- [WORK ORDER]
All that is wanted is the exact lines from the first line of the data below through the line with "Лямки рюкзака из", both ends included, with pictures omitted.

□ □ □ □

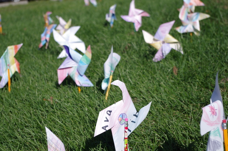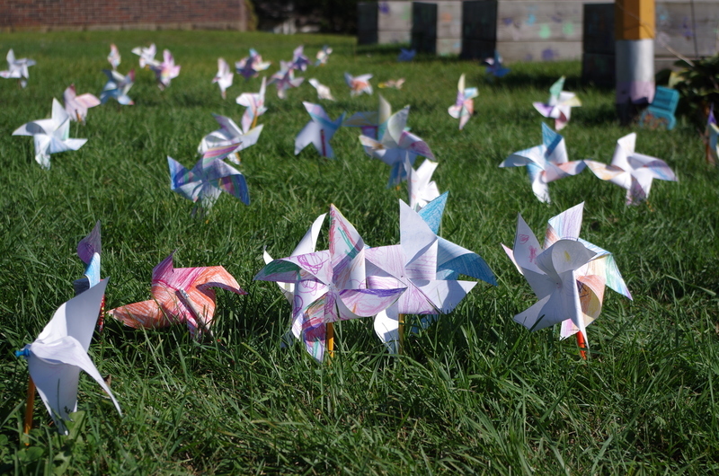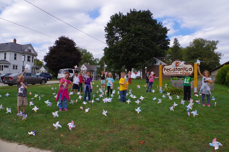 The elementary school honored International Day of Peace (9/21/18) on Monday, September 24, 2018 by “planting” handcrafted pinwheels in the front lawn of the elementary school. The students created the colorful pinwheels during art special for the peaceful event. The pinwheels whirled all day for world peace!
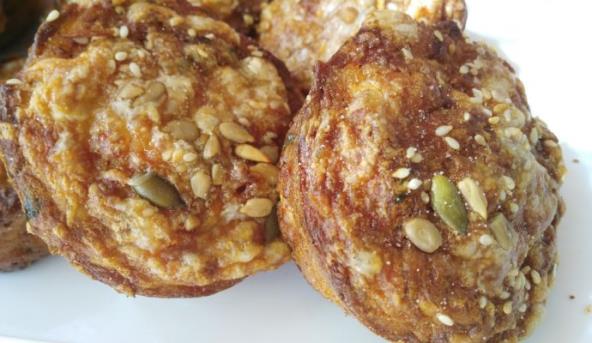 4. Mafin kalupe namazati uljem i puniti ih pripremljenom smesom. Poravnati kašikom, dodati odozgo narendanog parmezana i posuti semenkama.
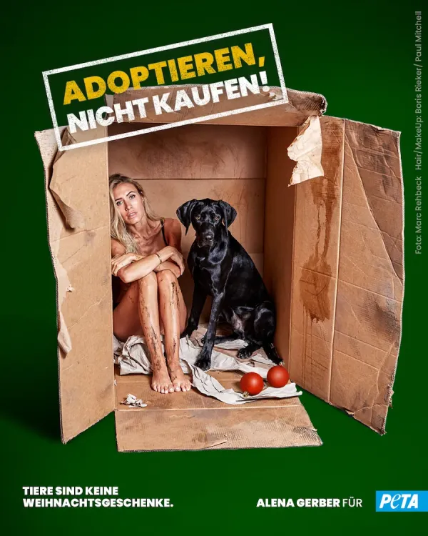 Klare Message, ungewohnter Look! Topmodel und Schauspielerin Alena Gerber engagiert sich jetzt mit neuem Motiv und gemeinsam mit ihrem adoptierten Hund Onyx für ein ernstes Thema: "Tiere sind keine Weihnachtsgeschenke!"
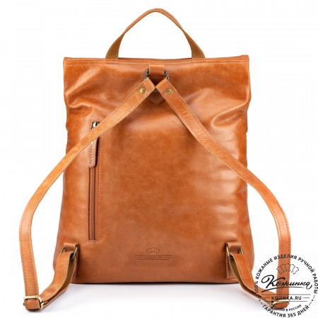 Лямки рюкзака из кожи, усилены стропой, регулируются по длине. Лямки можно соединить вмести молнией и удобно носить рюкзак на одно плечо.
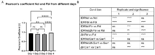 (A) Statistical analysis using Pearson’s Coefficient to assess the overlap of fluorescently tagged Ncl co-expressed with fluorescently tagged Fbl on 4 different days using one-way ANOVA multiple comparisons test, p < 0.05. N = 15, 58, 52, and 24 for days 1–4 respectively. (B) Table showing the results of the statistical analysis comparing the coefficients of variations of the conditions indicated in the left column. Replicates “1, 2, and 3” indicate different frogs/injection days for each condition. Values from columns are not necessarily from the same day (data should be read horizontally and not vertically). P < 0.05, N values between 15–62. The underlying data can be found in S2 Data.
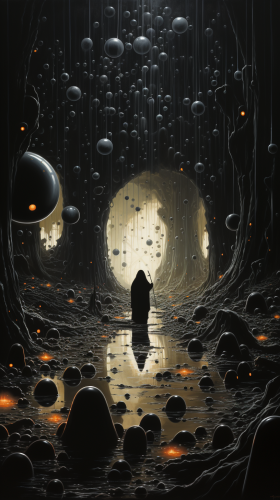 dark black squid figures wrapped in black clothing huddled closely near dark water, futuristic, horryfyingly evil and insidius, boss fight arena, frank frazetta::1 Yayoi Kusama --ar 9:16 --s 350 --no red
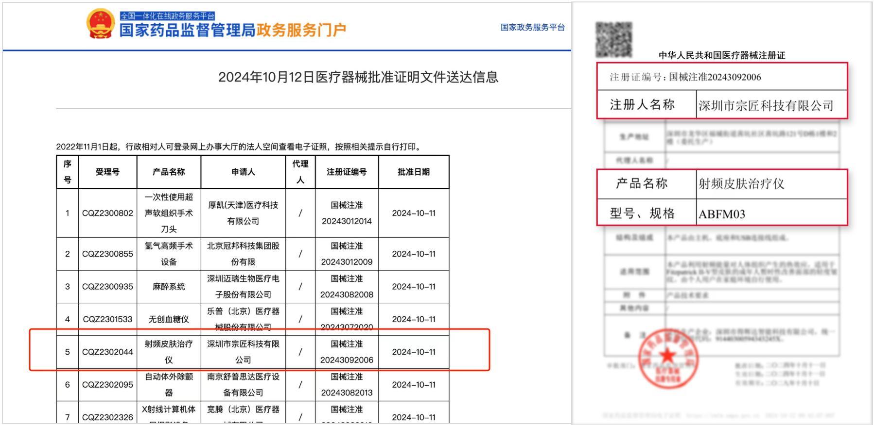 10月12日,**药监局发布医疗器械批准证明文件送达信息,批准深圳市宗匠科技有限公司(下称宗匠科技旗下手持式射频皮肤**仪的三类医疗器械注册申请,AMIRO觅光成为首批“取证”的家用美容仪品牌。
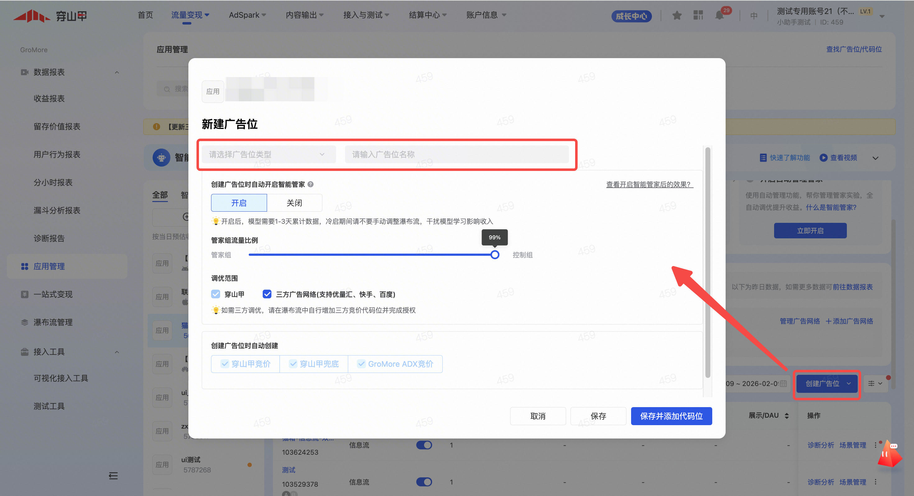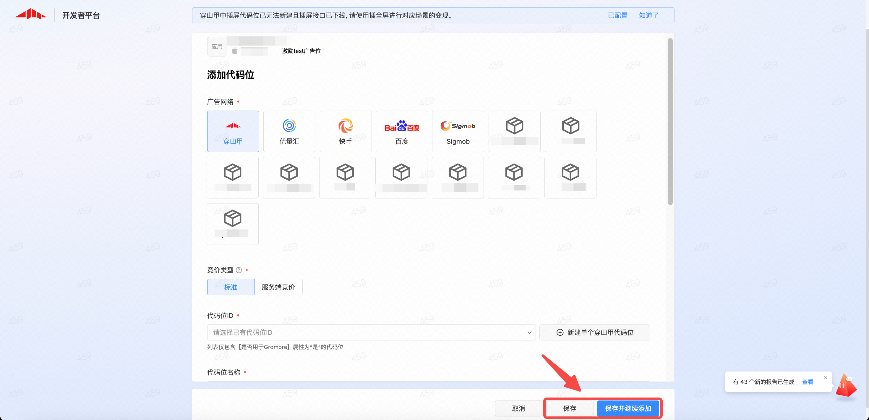 在添加好的应用下点击「创建广告位」,进入新建广告位页面,选择广告位类型,并对广告位进行命名并保存,可点击「保存并添加代码位」一键跳转至创建代码位页面。
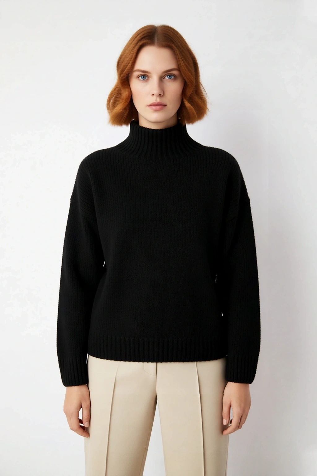 Bu basic siluetli ve regular boy kazak, her vücut tipine uyum sağlayan rahat kesimiyle günlük kullanım için idealdir. Skinny jeanler, deri taytlar veya şık eteklerle kombinleyerek farklı tarzlar yaratabilirsiniz. Kış ve sonbahar aylarında hem iç mekanlarda hem de dışarıda sıcak ve şık kalmak isteyenler için mükemmel bir seçimdir.

□ □ □ □

- [SOLVED EXERCISE]
 The elementary school honored International Day of Peace (9/21/18) on Monday, September 24, 2018 by “planting” handcrafted pinwheels in the front lawn of the elementary school. The students created the colorful pinwheels during art special for the peaceful event. The pinwheels whirled all day for world peace!
 4. Mafin kalupe namazati uljem i puniti ih pripremljenom smesom. Poravnati kašikom, dodati odozgo narendanog parmezana i posuti semenkama.
 Klare Message, ungewohnter Look! Topmodel und Schauspielerin Alena Gerber engagiert sich jetzt mit neuem Motiv und gemeinsam mit ihrem adoptierten Hund Onyx für ein ernstes Thema: "Tiere sind keine Weihnachtsgeschenke!"
 Лямки рюкзака из кожи, усилены стропой, регулируются по длине. Лямки можно соединить вмести молнией и удобно носить рюкзак на одно плечо.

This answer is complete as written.